Subarnachar Upazila mauza geocode map

Subarnachar (সুবর্ণচর) is an upazila (sub-district) of Noakhali District, located in Bangladesh's Chittagong Division. The Bhulua River and Sandwip Channel flows through it.

==History==
The islands in the upazila formed in 1959 and many poor migrants started settling there. This was followed by a land dispute in 1986 with foreign land grabbing forces. The clashes killed hundreds of people and destroyed thousands of homes. The settlers of Subarnachar sacrificed many precious lives to survive on that day. The history of this upazila has been written through the relentless struggle of the working people who have made this salty char habitable through their creative activities. Subarnachar has suffered from flooding in many occasions such as on 12 November 1970 as well as in 1985, 1991 and 1998. Subarnachar was given upazila status on 2 April 2005, taking 7 unions from Noakhali Sadar Upazila.

==Demographics==

According to the 2022 Bangladeshi census, Subarnachar Upazila had 73,578 households and a population of 355,910. 13.71% of the population were under 5 years of age. Subarnachar had a literacy rate (age 7 and over) of 63.63%: 63.62% for males and 63.65% for females, and a sex ratio of 97.65 males for every 100 females. 22,829 (6.41%) lived in urban areas.

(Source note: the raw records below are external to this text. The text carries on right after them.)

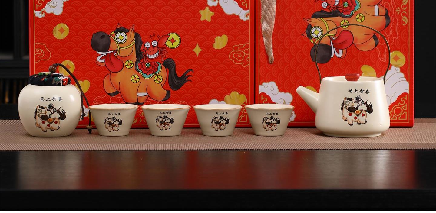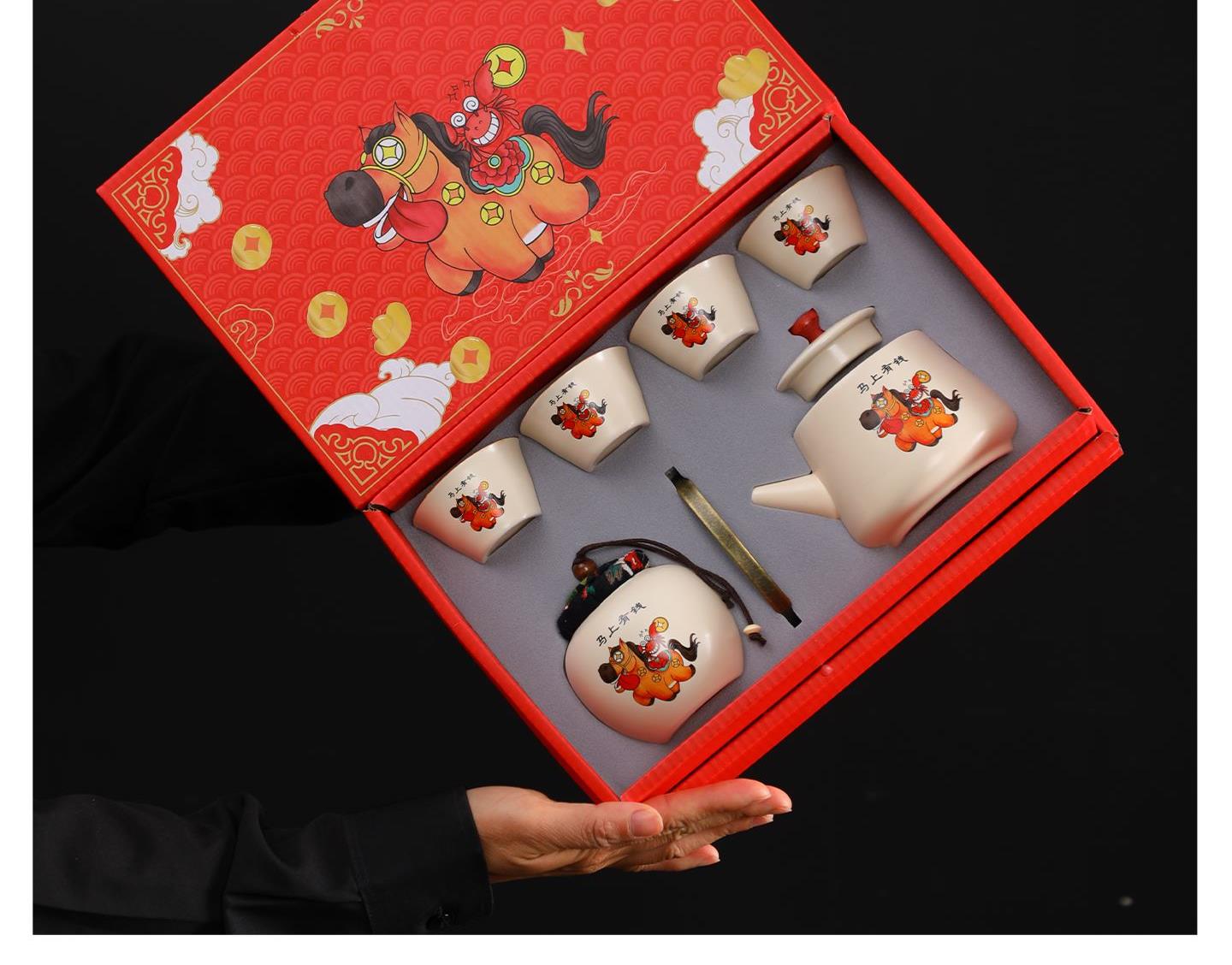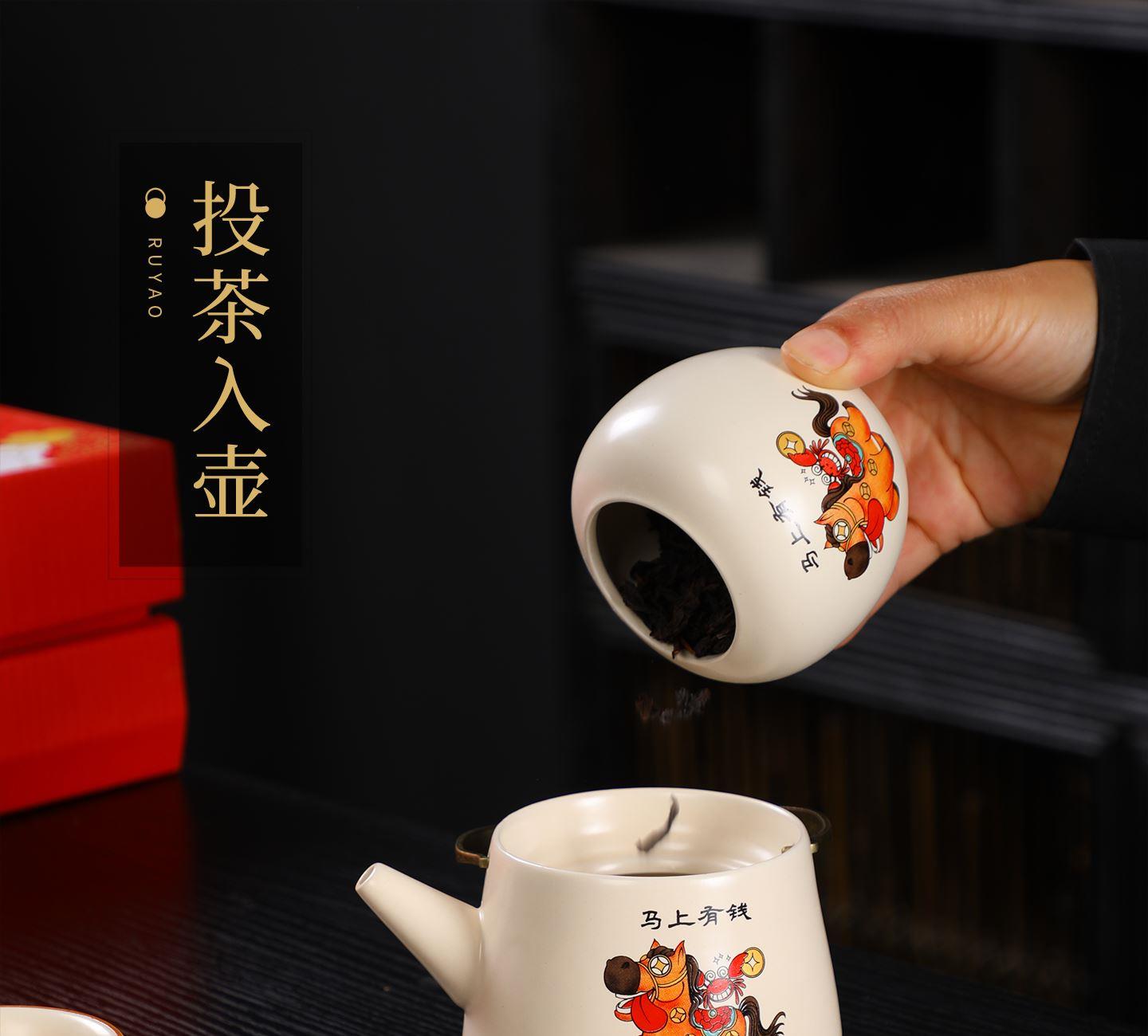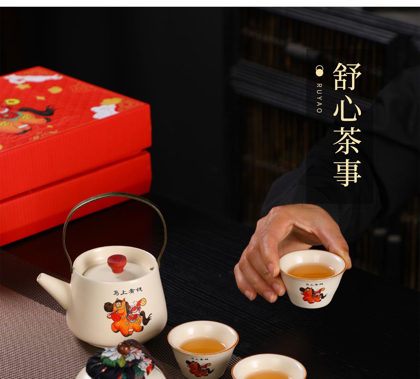 瓷语花香开门红马上有福汝窑茶具套装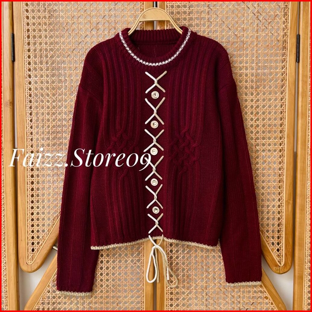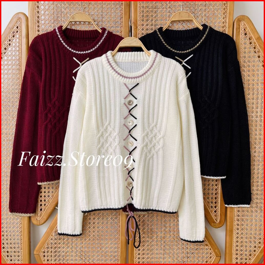 Keeni Blouse - Atasan Sweater Rajut Kerah Bulat Wanita Motif Tali Kur Kancing Korean Style Premium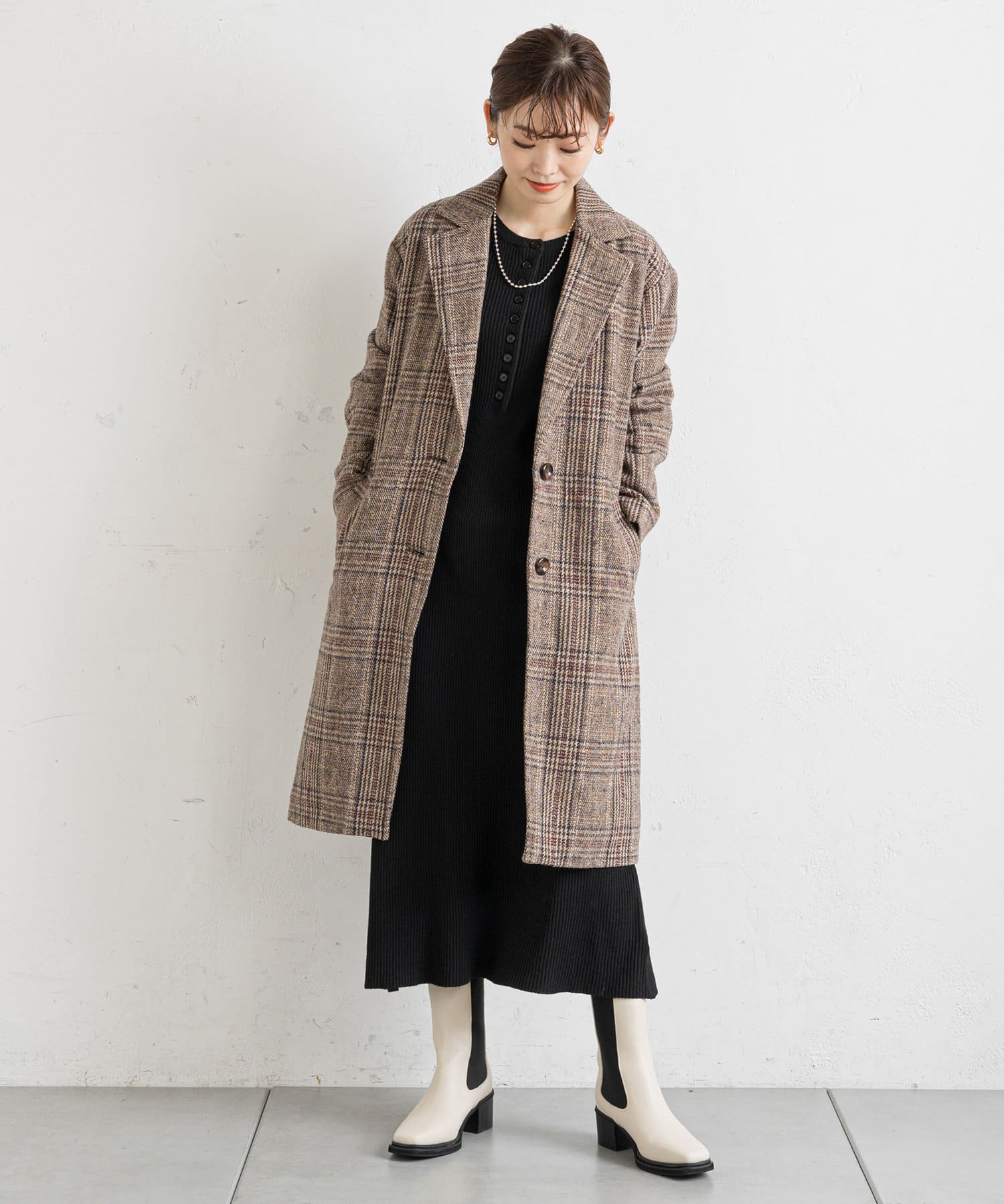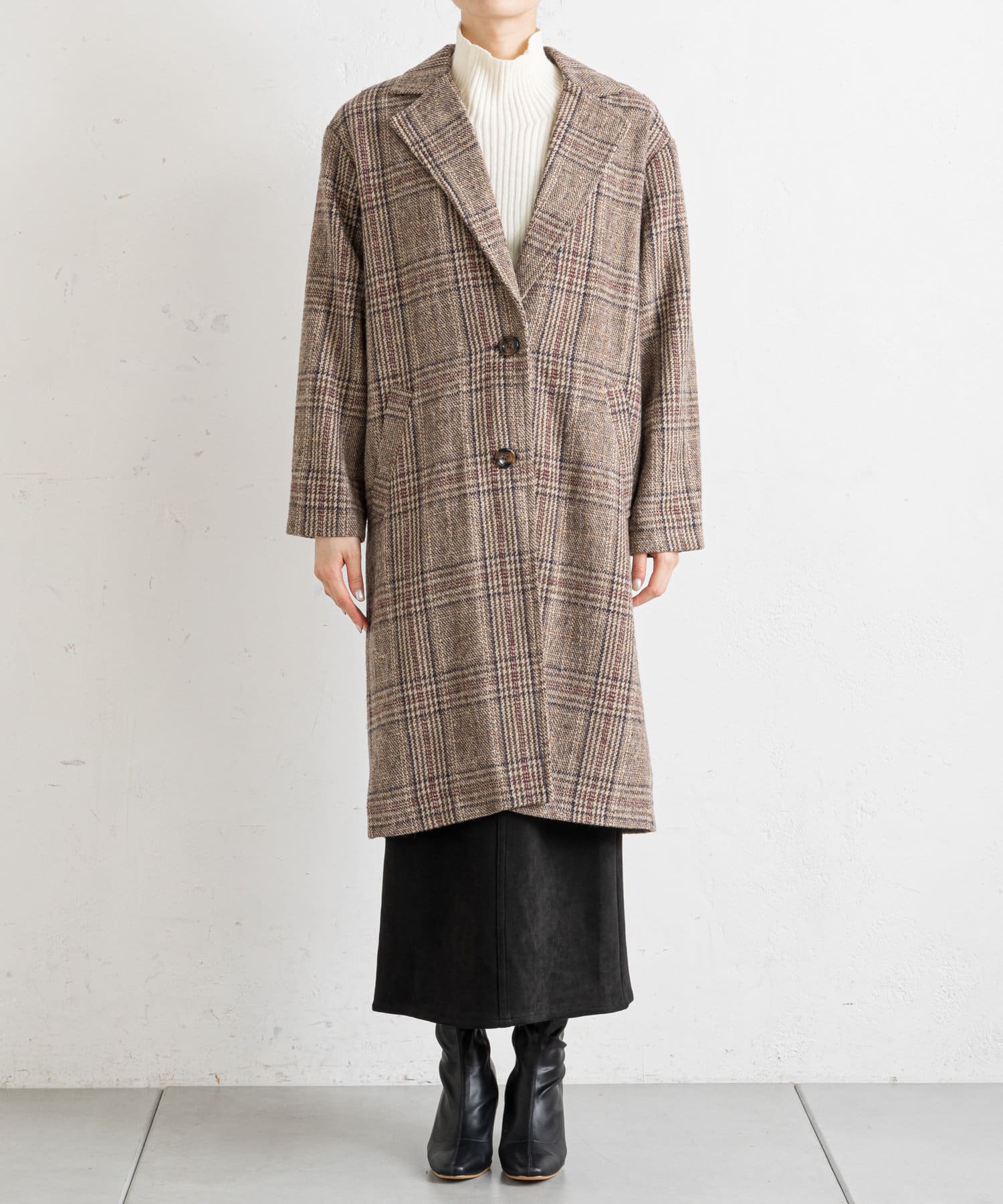 ●トラッドなグレンチェックがレトロな雰囲気のチェスターコート

According to the 2011 Census of Bangladesh, Subarnachar Upazila had 55,399 households and a population of 289,514. 94,114 (32.51%) were under 10 years of age. Subarnachar had a literacy rate (age 7 and over) of 32.66%, compared to the national average of 51.8%, and a sex ratio of 1017 females per 1000 males. 6,651 (2.30%) lived in urban areas.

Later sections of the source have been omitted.